Kurtulmuş'un temasları sadece kürsü konuşmalarıyla sınırlı değildi. Konferans marjında birçok ülkenin parlamento başkanıyla bir araya geldi. Moldova, Küba, Pakistan, Singapur, hatta Filistin Ulusal Konseyi temsilcileriyle ayrı ayrı yaptığı görüşmeler, Türkiye'nin çok boyutlu dış politika vizyonunun pratikteki karşılıklarıydı. Özellikle Moldova ile yapılan görüşmede, Gagavuz Türkleri üzerinden kurulan kültürel köprü vurgusu dikkat çekiciydi. Küba ile Filistin konusundaki ortak hassasiyet paylaşılırken, Singapur ile Türkiye'nin Asya açılımı konuşuldu. Pakistan ile ise hem tarihî dostluk teyit edildi hem de şubat ayında imzalanan 24 anlaşmanın sahaya yansıması değerlendirildi. Ama bu temaslar arasında belki de en dikkat çekeni, Filistin Ulusal Konseyi Başkanı Rawhi Fattouh ile yapılan görüşmeydi. Çünkü orada diplomasi değil, neredeyse bir hukuk dili konuşuldu. "İsrail'in Siyonist yönetimi uluslararası mahkemelerde mutlaka yargılanacaktır" cümlesi, yalnızca siyasi bir duruş değil, aynı zamanda bir suç duyurusudur. Bu ifadeyle Kurtulmuş, uluslararası toplumu yalnızca vicdanla değil, hukukla da sorumluluğa çağırdı.

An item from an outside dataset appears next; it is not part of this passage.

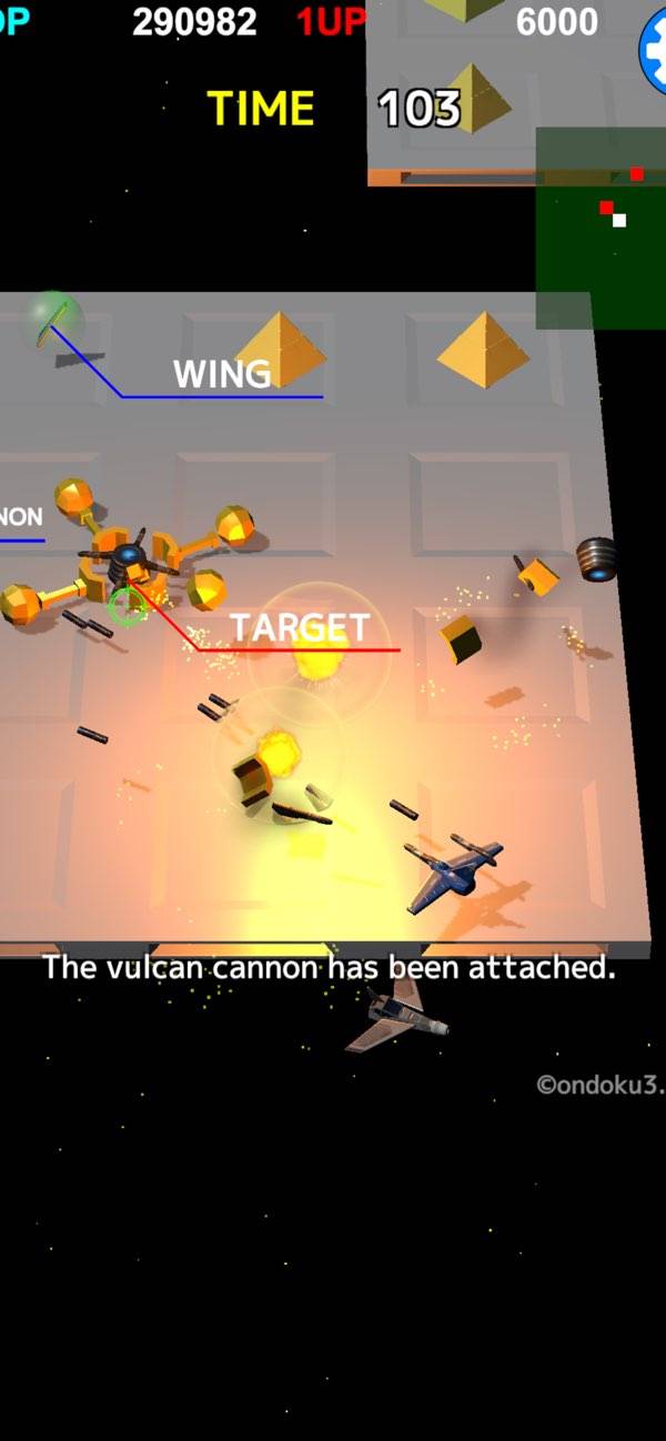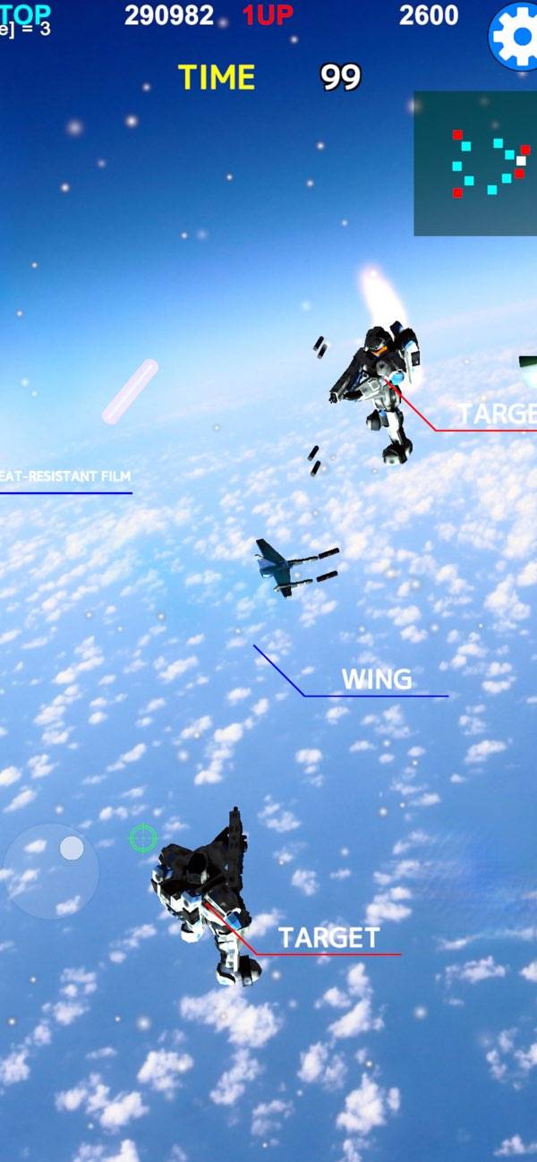 戦闘機を操作しながら、迫る敵機を破壊していく迫力満点のシューティング! 序盤はコアのみの戦闘機ですが、宇宙空間に散乱したパーツを集めることでエンジンやキャノンを拡張・強化できます。
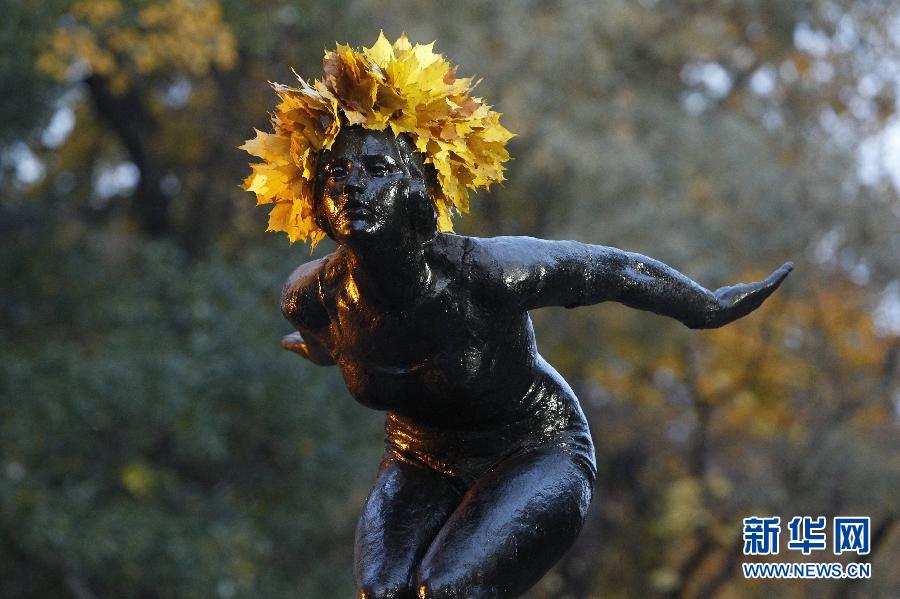 一叶落知天下秋。从枝头那一片落叶开始,秋天就这样走进了我们的视线。2011年10月8日,在俄罗斯首都莫斯科,枫叶装点着一尊雕塑。 新华社/路透

Bir diğer kritik başlık da İstanbul'da düzenlenecek olan PAB 152. Genel Kurulu. Cenevre'de bu organizasyonun da altyapısı hazırlandı. Türkiye, 2026 Nisan'ında dünya parlamentolarına ev sahipliği yapacak. Bu, yalnızca bir diplomatik ağırlık göstergesi değil, aynı zamanda Türkiye'nin çok taraflılık konusundaki iddiasının bir nişanesi olacak.
Numan Kurtulmuş, Cenevre'deki her görüşmede bu mesajı verdi. Filistin meselesine dönersek… Türkiye, Gazze'de yaşananların sessizlikle geçiştirilemeyecek kadar ağır bir trajedi olduğunu tüm platformlarda dile getiriyor. Kurtulmuş'un bu konudaki cümleleri, sadece Türkiye adına değil, insanlık adına atılmış notlar gibiydi: "İsrail'in yaptıkları insanlık suçudur. Sessiz kalan herkes bu suça ortaktır. Uluslararası kamuoyu acilen harekete geçmelidir."